Your code should separate:

• The logic of determining what information to send
• The logic of determining which bytes to send in order to send a particular bit of information (how do I encode a response etc. into raw bytes), and
• The mechanism of actually writing those bytes to a socket.

The first two involve logic and decisions and need unit tests.
The last doesn’t involve making many if any decisions and can be tested wonderfully using integration testing.

This is just good design in general, actually, but one of the reasons for that is that it makes it easier to test.

Here are some examples:

• If you are writing code that gets data from a relational database, you can unit test how you map the data returned from relational queries to your application model.
• If you are writing code that writes data to a relational database, you can unit test which pieces of data you want to write to the database without actually testing the particular SQL queries you use. For example, you might keep two copies of your application state in memory: a copy representing what the database looks like and the working copy. When you want to sync to the database, you need to diff these and write the differences to the database. You can quite easily unit test that diff code.
• If you are writing code that reads something from a configuration file, you want to test your configuration file format parser, but with strings from your test source file rather than strings you get from disk.

I do not know if this a standard practice or not but it works fine for me.

In my non-database read write method implementations i use my own type-specific toString() and fromString() methods as implementation details.

These can be easily tested in isolation:

 assertEquals("<xml><car type='porsche'>....", new Car("porsche").toString());

For the actual read write methods i have one integration test that physically read and write in one test

By the way:
Is there something wrong having one test that test read/write together?

Known data must be formatted in a known manner. The easiest way to implement this is to use a constant string and compare the result, as @k3b described.

You aren’t limited to constants though. There may be a number of properties of the written data that you can extract using a different kind of parser, such as regular expressions, or even ad hoc probes looking for features of the data.

As for reading or writing the data, it may be useful to have an in-memory file system that allows you to run your tests without the possibility of interference from other parts of the system. If you don’t have access to a good in-memory file system, then use a temporary directory tree.

Use dependency injection and mocking.

You don’t want to test your SQL driver and you don’t want to test if your SQL database is online and set up properly. That would be part of an integration- or system-test. You want to test if your code sends the SQL statements it is supposed to send and if it interprets the responses the way it is supposed to.

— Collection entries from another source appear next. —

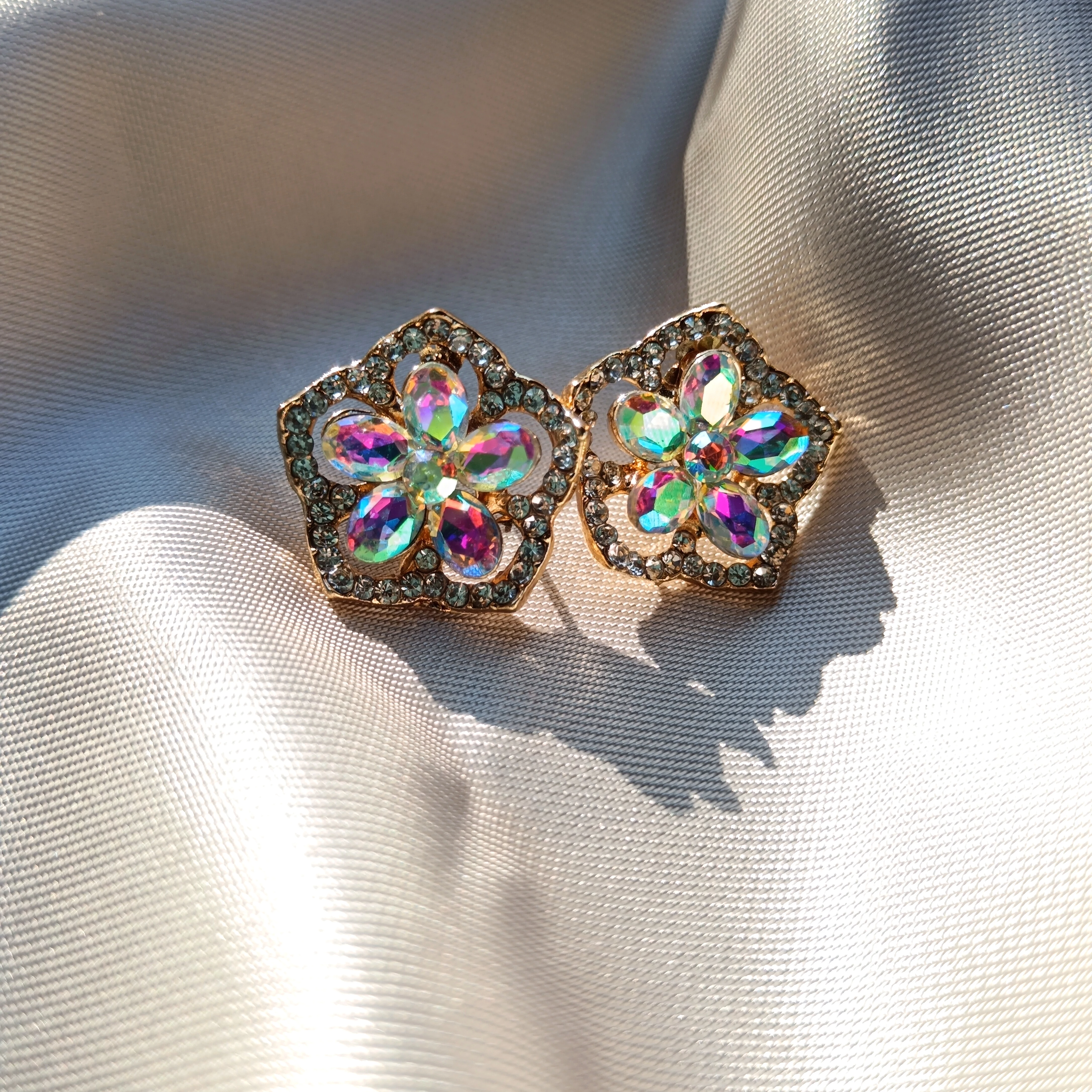 Szivárvány köves virágos fülbevaló
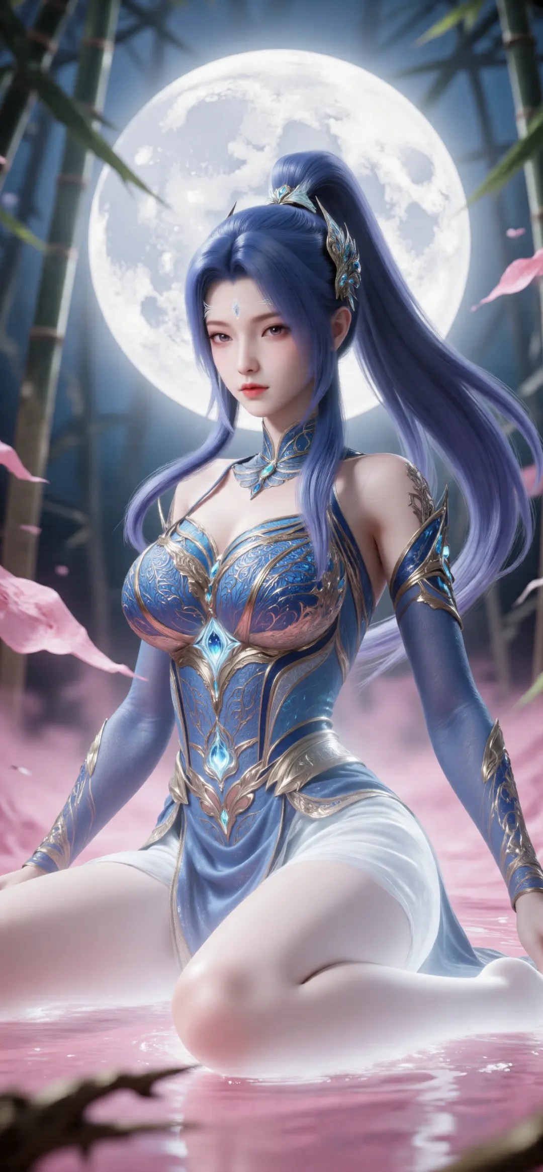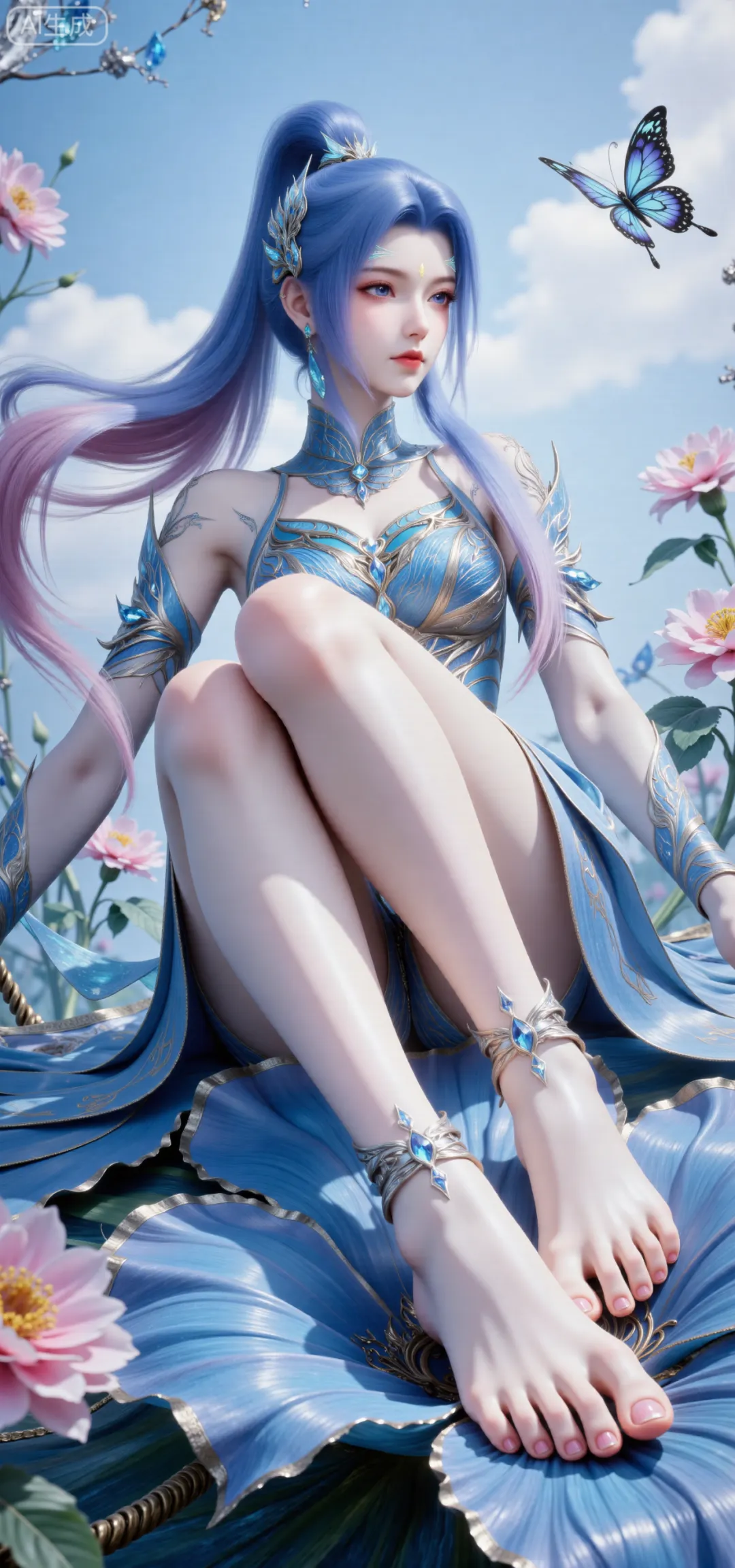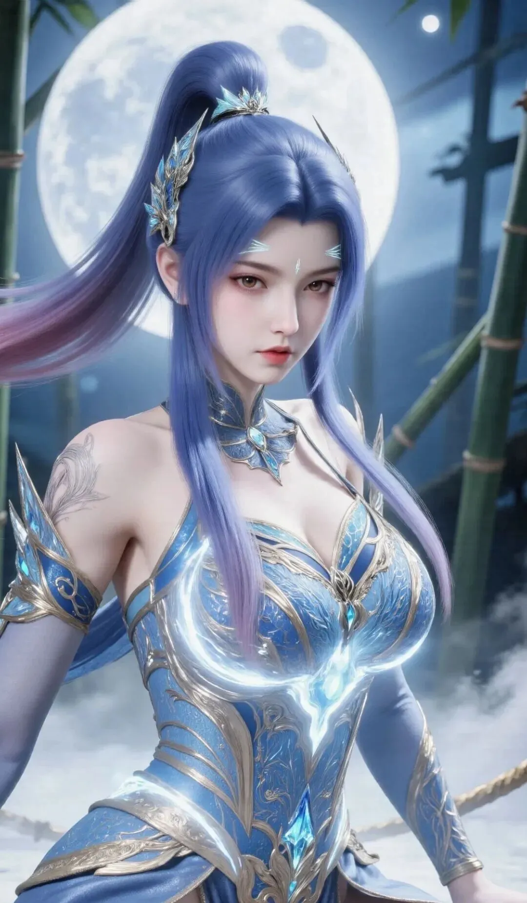 换回女装、恢复唐舞桐本貌后,她的容颜彻底褪去了少年的英气,绽放出令人惊艳的绝世风华。身形愈发高挑纤细,娇躯修长,肩背挺直如松,行走时身姿优雅如蝶舞,自带神圣不可侵犯的气场,却又不失少女的轻盈灵动。一头粉蓝色长发如瀑般垂至腰际,发丝柔顺亮泽,偶尔会泛着银蓝渐变的光泽,发尾晕染着淡淡的金光,随风飘动时宛如月华流转,美得不可方物。她的眉眼生得极美,黛眉弯弯如新月,不描而翠,眉尾微微上翘,添了几分娇俏,却又因神界贵女的身份,多了几分清冷疏离;长而卷翘的睫毛,粉蓝色的眼睫纤长浓密,眨眼间如蝶翼轻振,灵动动人;眼眸依旧是标志性的粉蓝色,澄澈通透,比男装时期更多了几分柔美与深情,平静时温润如紫玉,动怒时泛着冷冽的光泽,看向霍雨浩时,眼底盛满了化不开的眷恋与温柔,那是历经生死后,最纯粹也最坚定的深情。
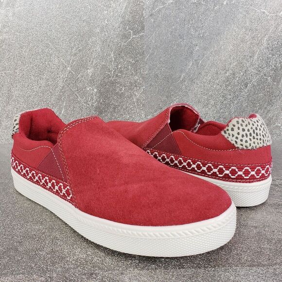Earth Origins Shoes Womens 7 W Red Suede Slip-Ons Zandel Casual Comfort
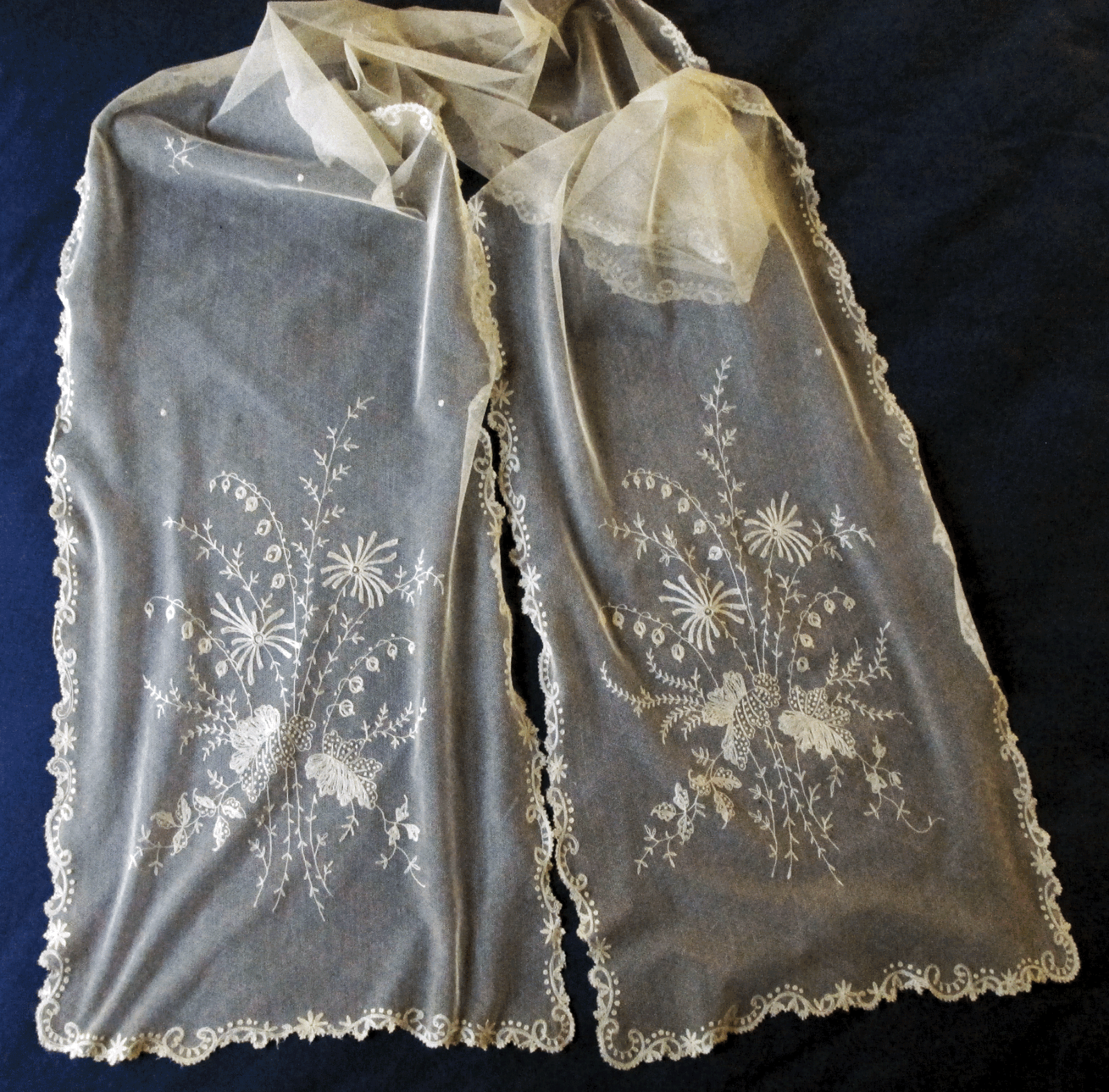 Comments: A tambour embroidered machine net narrow scarf. Quite an effective floral spray at the ends, with a narrow scrolling border around all edges. Some small sprigs and dots used along the length of the piece.

So when you have a method/class which is supposed to do something with a database, don’t have it get that database connection by itself. Change it so that the object which represents the database connection is passed to it.

In your production code, pass the actual database object.

In your unit tests, pass a mock object which just behaves like an actual database doesn’t actually contact a database server. Just have it check if it receives the SQL statements it is supposed to receive and then responds with hardcoded responses.

This way you can test your database abstraction layer without even needing an actual database.

If you’re using an object relational mapper, there is typically an associated library that can be used to test that your mappings work correctly by creating an aggregate, persisting it, and reloading it from a fresh session, followed by verification of the state against the original object.

NHibernate offers Persistence Specification Testing. It can be configured to work against an in-memory store for fast unit tests.

If you follow the simplest version of the Repository and Unit of Work patterns, and test all of your mappings, you can count on things pretty much working.